# Your instructions:
The answer is the exact run of lines in the listing below from the line containing "2000 NE D3-vitamint" up to and including the line containing "Add a touch", with pictures removed.

# Material for this task:
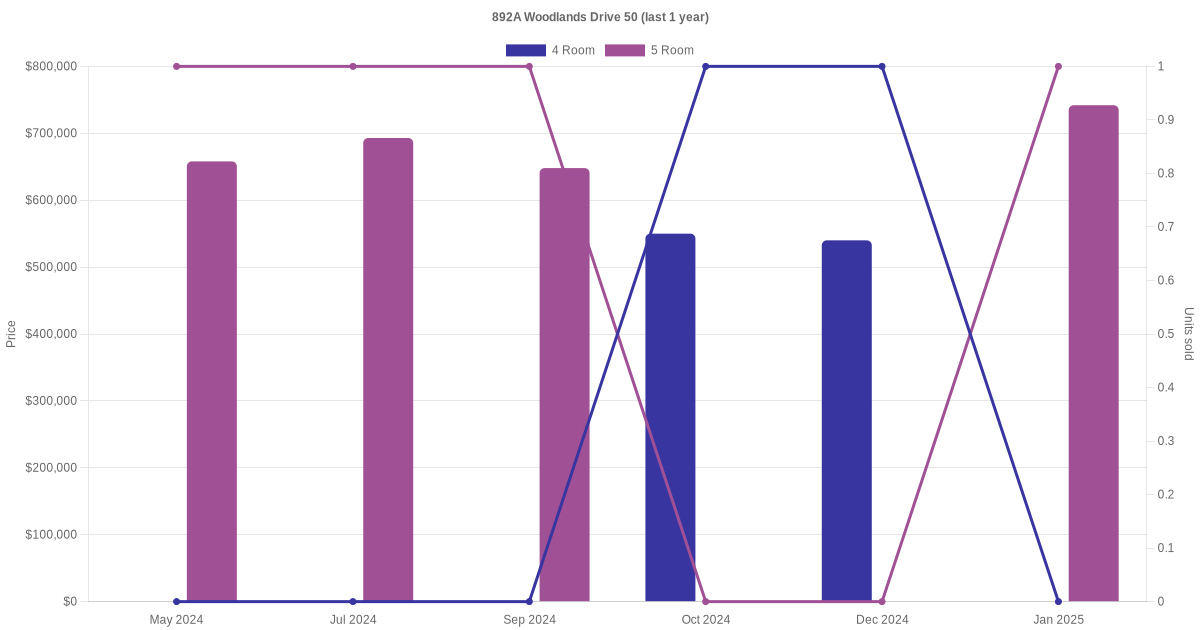 Below is a quick summary of the resale transactions volume and average price trends for the 4 room and 5 room units at 892A Woodlands Drive 50.
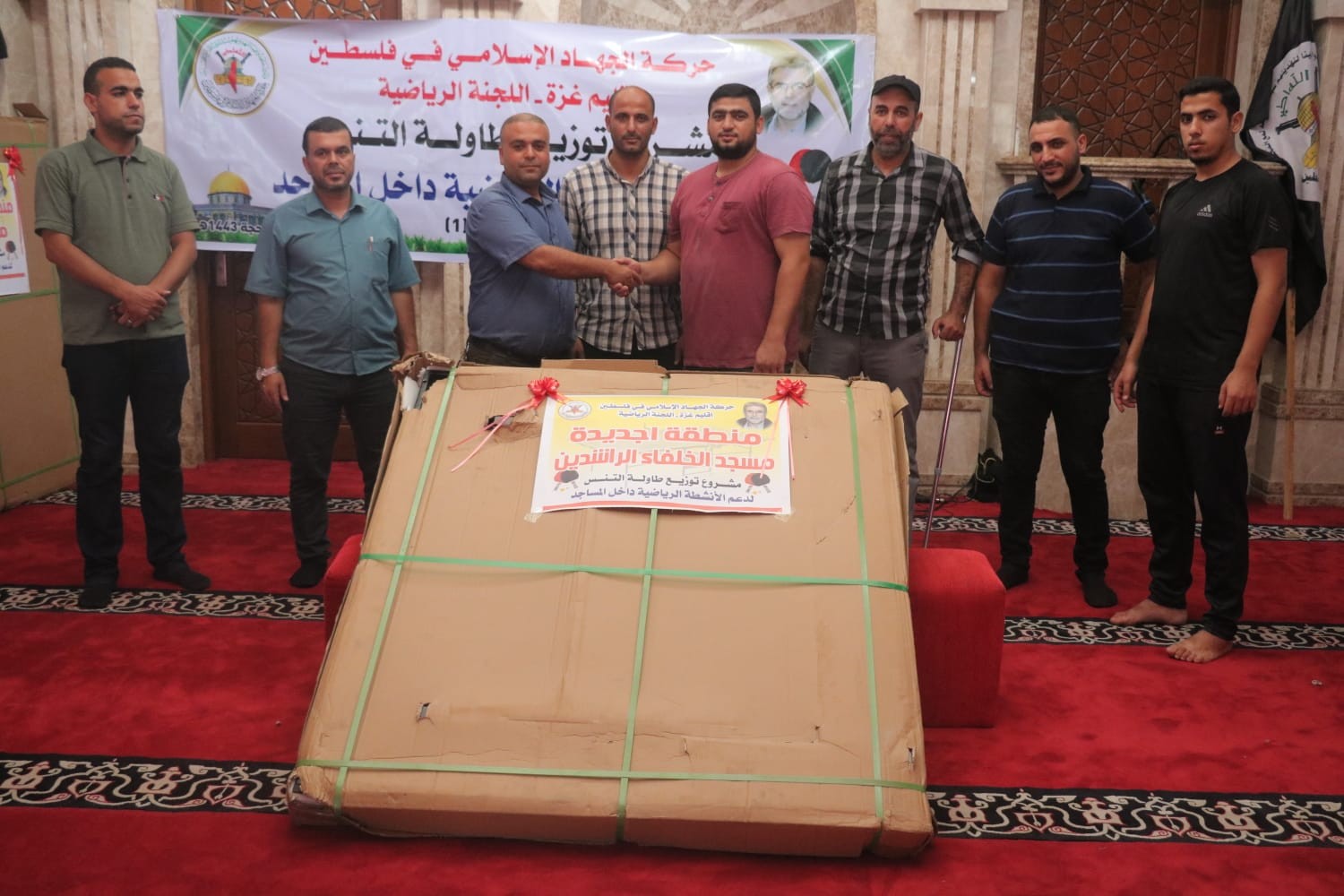 شرعت حركة الجهاد الإسلامي إقليم غزة اللجنة الرياضية مساء اليوم، بمشروع توزيع طاولات تنس لدعم الأنشطة الرياضية داخل المساجد.
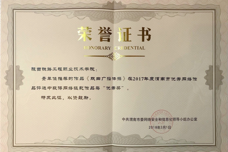3月1日下午,渭南市委召开全市第四届优秀网络文化作品评选表彰大会,对2017年度涌现出的一批体现渭南特色、提升渭南对外形象的优秀网络文化作品进行表彰奖励。学院党委宣传部杨光老师的摄影作品《戏曲广播体操》荣获摄影类优秀奖(该奖项不分等次,只设优秀奖)。
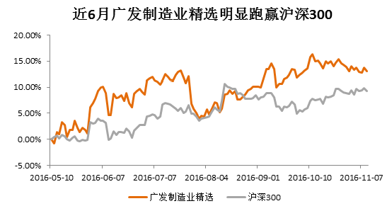 在当前经济转型、产业升级的背景下,中国正逐步由制造业大国向制造业强国转变。10月财新中国制造业PMI大幅升至51.2,创2014年7月以来新高。受益于制造业加速回暖,企业盈利预期改善,广发制造业精选混合近6月收益12.24%,在A股反弹行情中表现优异。
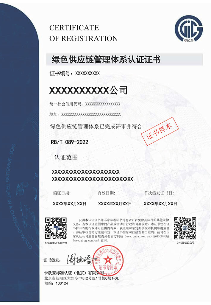 绿色供应链证书样本
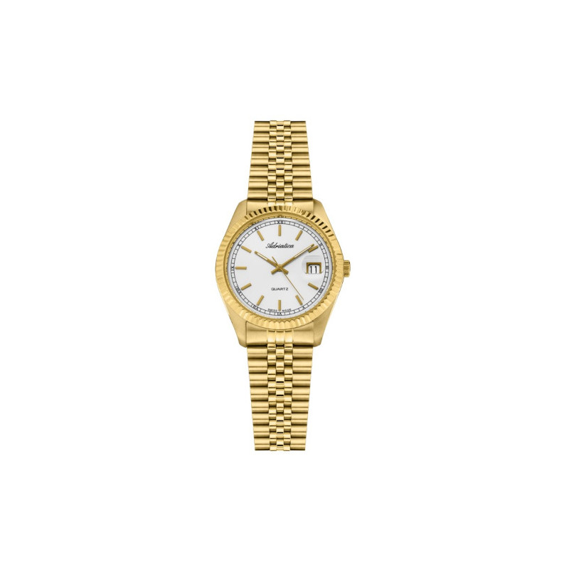 Szwajcarski klasyczny zegarek damski Adriatica A3090.1113Q. Model z precyzyjnym mechanizmem kwarcowym z komplikacją datownika. Koperta została wykonana ze stali szlachetnej pokrytej powłoką w kolorze złotym. Bransoleta została wykonana ze stali szlachetnej pokrytej powłoką w kolorze złotym. Białą tarczę chroni szkło szafirowe. Szerokość koperty wynosi 30mm natomiast grubość 10mm. Klasa wodoszczelności tego modelu wynosi 5ATM.
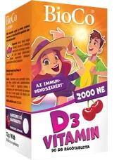 2000 NE D3-vitamint tartalmazó, cseresznye ízű étrend-kiegészítő rágótabletta cukorral és édesítőszerekkel.
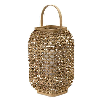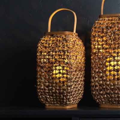 Add a touch of warmth and light to your home decor with our Small Wicker and Glass Lantern. This 16" lantern, made of natural wicker and glass, creates a serene ambiance for moments of reflection or sympathy. Illuminate your space and elevate your mood with this charming lantern.
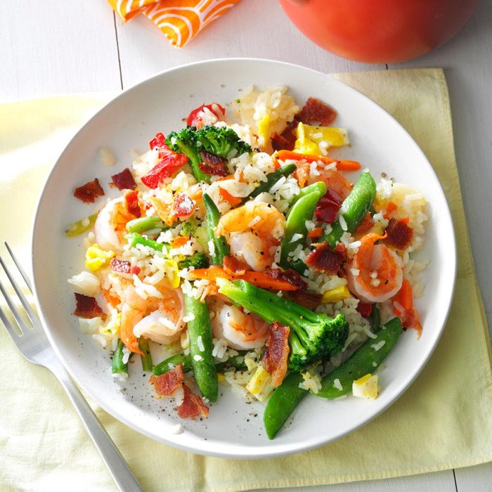This delectable shrimp fried rice is filled with color and taste that makes it vanish fast. Our family of four can't get enough of it. Bacon adds crispness and a hint of heartiness. Consider it when you need a different main dish or brunch item. —Sandra Thompson, White Hall, Arkansas
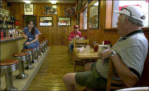 Waitress Judy Klegmann, left, talks to customers Gary Montgomery, center, and Holmer Holmes at the Beaumont Hotel cafe in Beaumont. The hotel, which features a landing strip for fly-in customers, has recently been reopened by a Lawrence hotel company.
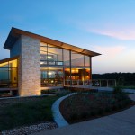 Native limestone, triple LowE glass with thermal break mullions, radiant roof design, rain screen wall design, LED lighting, 5 zone HVAC system, point of use water heating, operable windows and numerous other sustainable materials and systems were incorporated into the design. Virtually the entire site was returned to native grasses with only a select area receiving low water consumption agaves and yuccas.
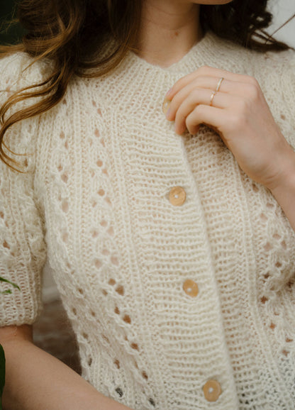 Le Blair Cardigan est un projet de tricot de niveau avancé, présentant beaucoup de dentelle et des manches bouffantes. C'est le projet parfait si vous aimez vous divertir avec chaque point. Le modèle comprend des instructions écrites et en diagrammes. Ce projet se réalise en plusieurs pièces qui sont ensuite assemblées : le dos, les devantures (droite et gauche) et deux manches. Une fois que vous avez terminé de tricoter et d'assembler les pièces, vous ajouterez une bordure sur la longueur du cardigan.
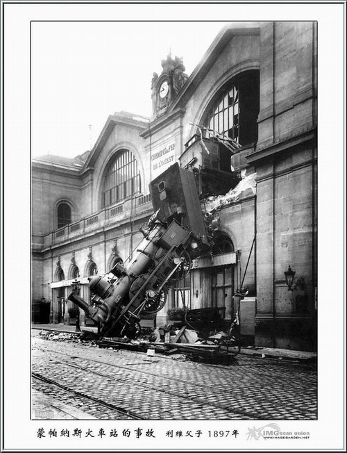 7 这个戏剧性的场面,很像是画家德·希里科摆弄铁路运输的造型摆砸了,把火车头栽了下来。车头上方的车站大钟,还像往常一样为人们的事务计数着时间。事件不仅在当时有新闻价值,就是到了超现实主义阶段也未减身价,到那时,它又象征着现实生活出了天大的问题。能用胶片捕捉到这样的场面简直是个阴谋,因为早期的报道摄影通常依赖这种可以预见的、会耸人听闻的事件,如飞机起飞和热气球出发等。法国摄影家和收藏家们一直非常喜欢奇异的照片,因为它们代表了一种颠倒的或可供选择的历史,就像由热情的票友串演的戏一样别有风味。这张非常有名的照片是利维父子的藏口。利维父子是一家照相馆的字号,1970年并入罗杰·瓦莱工作室。
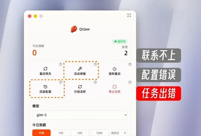 虾联系不上了一键重启网关,配置改坏了一键回滚修复,任务跑偏了直接叫停省token。
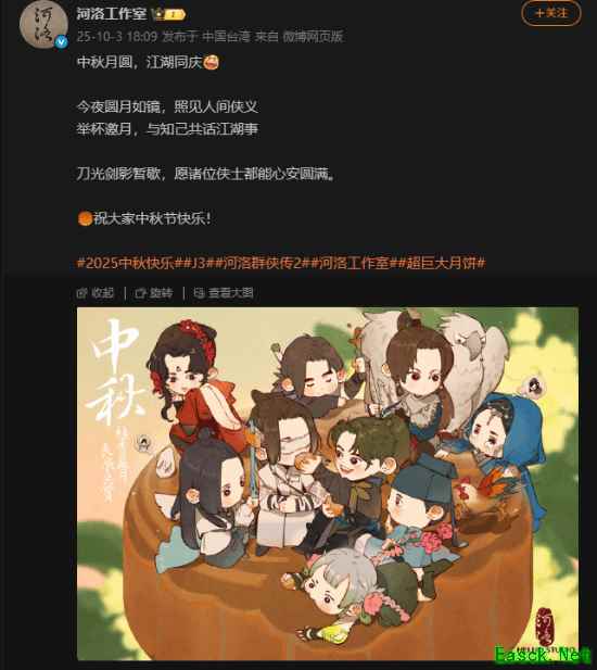 河洛工作室发布中秋贺图:愿诸位侠士都能心安圆满!

# Completed task:
 2000 NE D3-vitamint tartalmazó, cseresznye ízű étrend-kiegészítő rágótabletta cukorral és édesítőszerekkel.
 Add a touch of warmth and light to your home decor with our Small Wicker and Glass Lantern. This 16" lantern, made of natural wicker and glass, creates a serene ambiance for moments of reflection or sympathy. Illuminate your space and elevate your mood with this charming lantern.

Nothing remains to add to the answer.